When people think about government spending, they usually imagine big-ticket items: social programs, highways, and military funding for planes and tanks. But as with wider society, very few of the government’s functions could take place without relying on a quieter, less visible expense: software.
From the Department of Veterans Affairs managing health records, to the IRS processing returns, to the State Department issuing passports, software powers nearly every function of the federal government. And buying it, known as government software procurement, is a big and important business.
Much of the software the government buys is the same or similar to what’s used by private companies. The largest software vendors to the government include Microsoft, Adobe, Oracle, Salesforce, and ServiceNow. Overall, the federal government spends around $20 billion per year on software, making it the largest software customer anywhere in the world.
Right now, each federal agency negotiates its own software contracts as if they have little or no relation to other parts of the federal governments. That means dozens of different contracts for the same product, each with different prices and terms. But the current system causes a few significant issues:
- Lack of Data: No one in government can answer simple questions like: How many software licenses do we own? What software do we actually use? What did we pay per license? While the vendors selling the software know these answers, the government does not.

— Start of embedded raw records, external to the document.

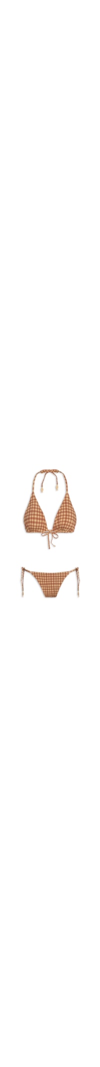 O biquíni marrom é confeccionado em malha de poliamida com alta elasticidade. O top de modelo cortininha dupla face possui decote V, alças finas com amarração no pescoço e miçangas aplicadas, forro, estampa geométrica na cor bege e fechamento posterior por amarração. A calcinha de modelo string dupla face possui laterais finas, forro, estampa xadrez de cores contrastantes e fechamento por amarração lateral por cordões com miçangas aplicadas em formato de peixe.
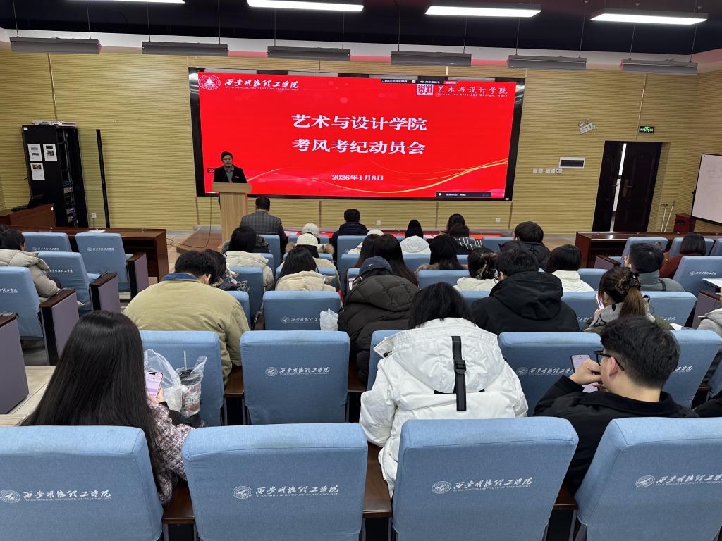 为全面贯彻落实立德树人根本任务,统筹推进学院各项重点工作,2026年1月8日,西安明德理工学院艺术与设计学院召开全体教职工大会,会议由学院党委副书记乔建主持。本次会议围绕师德师风建设、就业工作暖冬行动部署及期末考风考纪规范三大核心议题展开。
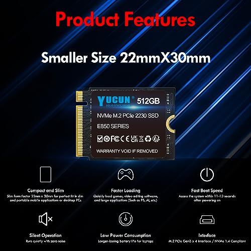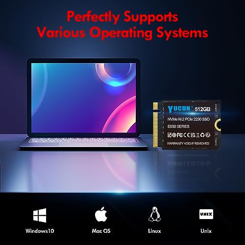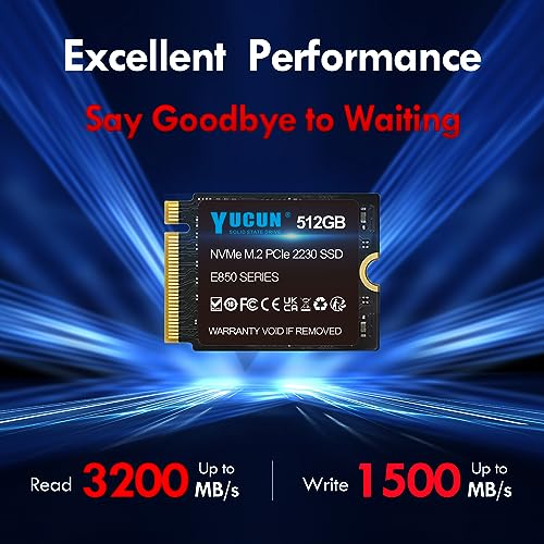 YUCUN - وسيط تخزين ذو حالة ثابتة 512GB M.2 2230 NVMe SSD بمنفذ PCIe حتى 3200 ميجابايت/ثانية للقراءة متوافق مع أجهزة تابلت ستيم ديك وسيرفس برو وديل واتش بي ولينوفو من يوكون، pci_express_x4
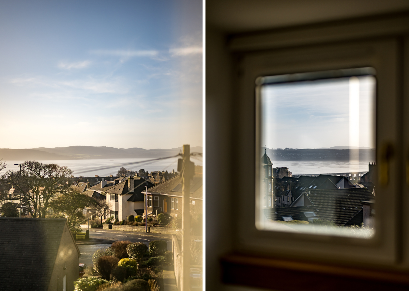 Upstairs, the principal bedroom feels calm and considered, with a dormer window framing fantastic, far-reaching views across the rooftops to the Tay. This serene space is complemented by a beautifully finished en suite shower room with elegant tiling and contemporary fittings, offering a true sense of retreat.
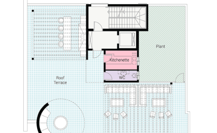 The top floor office also benefits from its private 210sqm roof garden offering breathtaking views of the city with enclosed kitchen and WC facilities, built in bar and ample dining and sitting areas.
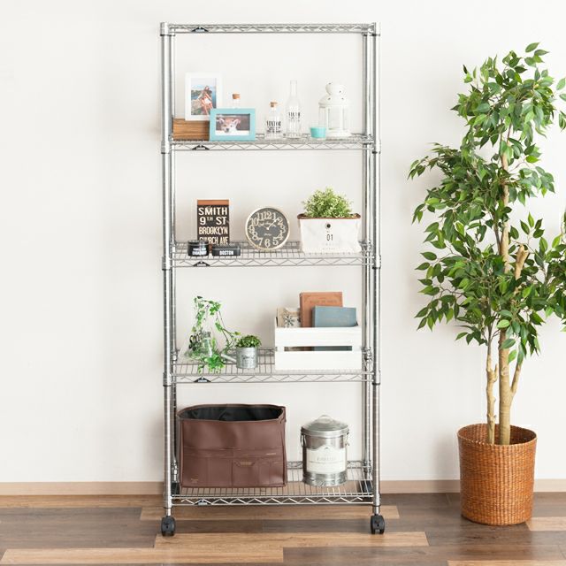 | 材質 | スチールシェルフ(棚板)・ポール:スチール(クロームメッキ) ナイロンキャスター:ナイロン樹脂 スリーブ:ABS樹脂 |
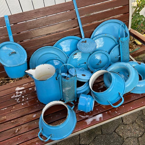 sæt bestående af flere forskellige dele med blå glasur. Sættet indeholder blandt andet kander, skåle, en rive og en si. Materialet er jern og farven er blå. Emailje Sættet kan anvendes til servering og madlavning.og pynt
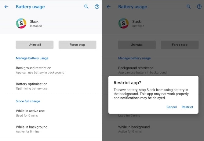 أما بالنسبة على نظام تشغيل الأندرويد، يمكنك بالفعل تحديد مقدار البطارية التي يستخدمها كل تطبيق فردي أثناء التشغيل في الخلفية، كبديل أفضل لإغلاقها، عن طريق الانتقال إلى الإعدادات> التطبيقات والإشعارات تحت صفحة البرامج هذه، انتقل إلى خيارات متقدمة> البطارية> تقييد الخلفية.
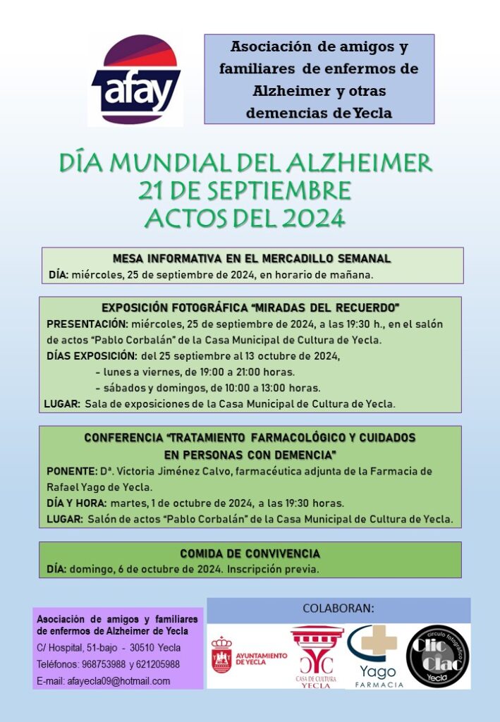 El psicólogo de AFAY, Salvador Hernández, ha recordado la agenda de actividades de la asociación respecto a este Día Mundial del Alzheimer. Así, mañana miércoles 25 de septiembre se realiza una mesa informativa en el Mercadillo Semanal con el objetivo de “informar y sensibilizar a la población de lo que es la enfermedad de Alzheimer, de la repercusión familiar que conlleva, así como de la labor y actividades que se realizan desde la asociación”.
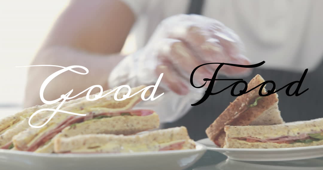 Chef skillfully arranges fresh sandwiches on plates, showcasing culinary art. Great for content focusing on gourmet food, home cooking, kitchen tutorials, and restaurant promotions.
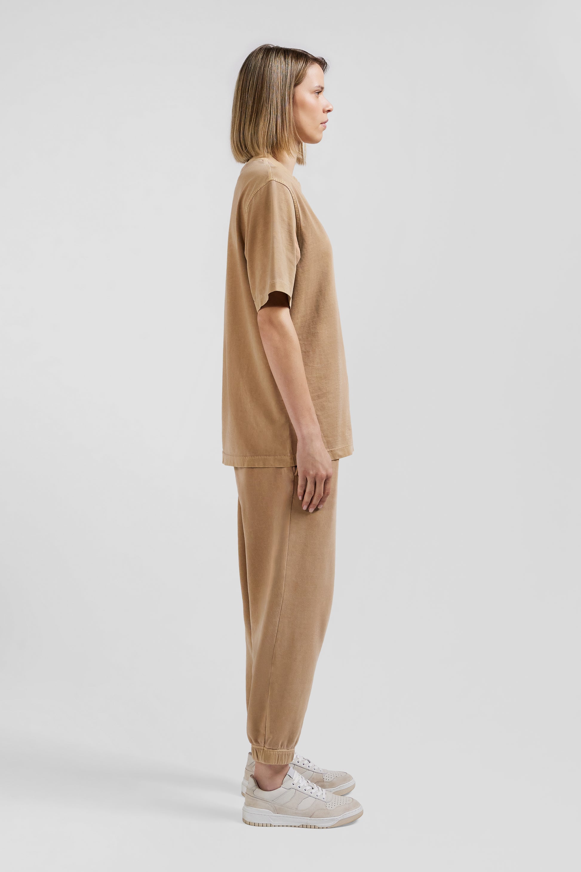 T-shirt manches courtes unisexe en coton surteint uni noisette coupe Oversized
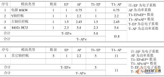 系統(tǒng)規(guī)定:T-EP 必須小于 8,T- AP 必須小于17,而以上計(jì)算結(jié)果均不滿足這一條件,在該系統(tǒng)設(shè)計(jì)時(shí),采用一塊監(jiān)控模塊,來分擔(dān)系統(tǒng)對(duì)電子回路和功率部件回路電源管理的壓力。具體做法是電源模塊在電子線路上只帶主軸和 Y 軸,其余的軸由監(jiān)控模塊供電。如下表計(jì)算:

- Incumbent Advantage: Agencies default to the same vendors over and over, often because individual government departments don’t have the time or incentive to ensure they’re not wasting money on software. Procurements labeled as “competitive” are often written in ways that guarantee the incumbent wins.

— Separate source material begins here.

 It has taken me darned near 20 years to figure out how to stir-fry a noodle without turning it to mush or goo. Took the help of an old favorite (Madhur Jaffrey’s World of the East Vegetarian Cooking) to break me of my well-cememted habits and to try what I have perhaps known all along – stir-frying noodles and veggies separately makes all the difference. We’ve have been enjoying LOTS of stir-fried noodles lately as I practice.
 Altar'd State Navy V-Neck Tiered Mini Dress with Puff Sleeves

- Price Disparities: The cost of Microsoft Office 365, for example, can vary by $200 per license between agencies. That would be like two neighbors paying wildly different monthly bills for the same internet package. Yet, we allow such uneven pricing throughout the federal government.
These flaws aren’t just bureaucratic details. They cost real money. Michael Garland’s new report released by NetChoice, Defeating Vendor Lock-in and Gaining Buying Power, finds that the government could save at least $3 billion every year by restoring genuine competition over government software contracts. That’s money that could reduce the deficit or be redirected to vital public services.

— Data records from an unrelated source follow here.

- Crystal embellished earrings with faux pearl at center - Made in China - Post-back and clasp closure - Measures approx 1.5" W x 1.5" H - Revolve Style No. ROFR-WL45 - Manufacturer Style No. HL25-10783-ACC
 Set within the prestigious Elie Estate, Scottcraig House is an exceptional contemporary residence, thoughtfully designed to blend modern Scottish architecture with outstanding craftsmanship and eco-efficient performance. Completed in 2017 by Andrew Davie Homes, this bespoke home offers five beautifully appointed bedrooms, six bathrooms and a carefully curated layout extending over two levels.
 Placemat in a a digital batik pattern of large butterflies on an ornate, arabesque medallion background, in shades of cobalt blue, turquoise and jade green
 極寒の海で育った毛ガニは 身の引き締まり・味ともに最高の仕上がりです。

Garland’s solution in the report is not complicated: treat software buying like the strategic enterprise function it is. The report recommends creating a centralized authority — the SAVE initiative (Software Accountability, Value, and Efficiency) to:
- Build a unified database of licenses, usage, and pricing.
- Employ dedicated supplier managers for top vendors.
- Standardize contracts and demand interoperability.
- Restore authentic competition to drive down prices.
How the government buys software touches every aspect of how our government works, but it remains an underreported issue. The way Washington buys software today is fragmented, opaque and biased toward incumbents. With reforms, it could be competitive, efficient, and accountable.
Getting software procurement right isn’t just about technology and contracts, it’s about good government.